Эти территории, хоть и относятся формально к НФ, реализованы с меньшей скрупулезностью, чем прочие части региона. Исходы хроноповествовательных линий могут носить здесь куда более случайный характер в силу фактически прямого контакта с несовершенной физикой Мира-31. Как результат — общее качество мировосприятия значительно проигрывает по сравнению со средним и высшим регионами и в то же время, в силу двойственной природы, стохастичности и отсутствия четкой направленности, не может сравниться с бесприкрасной, однако внутренне непротиворечивой реальностью.
13
Когда живешь так, как я, а потом вдруг оказываешься в городе, все сильно запутывается.
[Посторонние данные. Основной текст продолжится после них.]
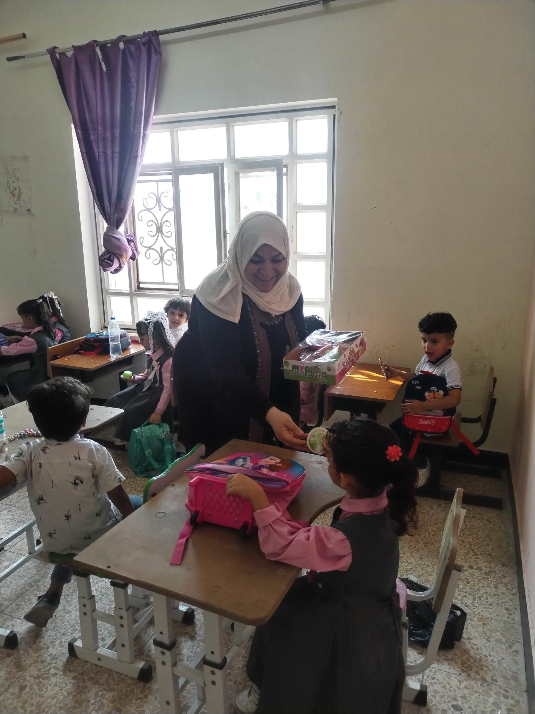 وقام الوفد بتوزيع الهدايا واللعب والقرطاسية على الاطفال بمناسبة بدء العام الدراسي الجديد .
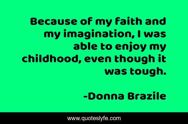This page presents the quote "Because of my faith and my imagination, I was able to enjoy my childhood, even though it was tough.". Author of this quote is Donna Brazile. This quote is about enjoy, faith, childhood,.

Так странно — я вроде уже десять лет как работаю, а здесь только неделя прошла. Все техники на это жалуются. Только попадая сюда, вспоминаешь, что твоя жизнь, хоть и умещается в коротенький промежуток времени, все же в настоящем, и что она, настоящая жизнь, — здесь, ждет тебя, не понимая, куда ты пропал, и проходит без тебя. А еще тут, оказывается, есть люди, которые тебя знают, думают о тебе, может быть, даже рады были бы тебя увидеть.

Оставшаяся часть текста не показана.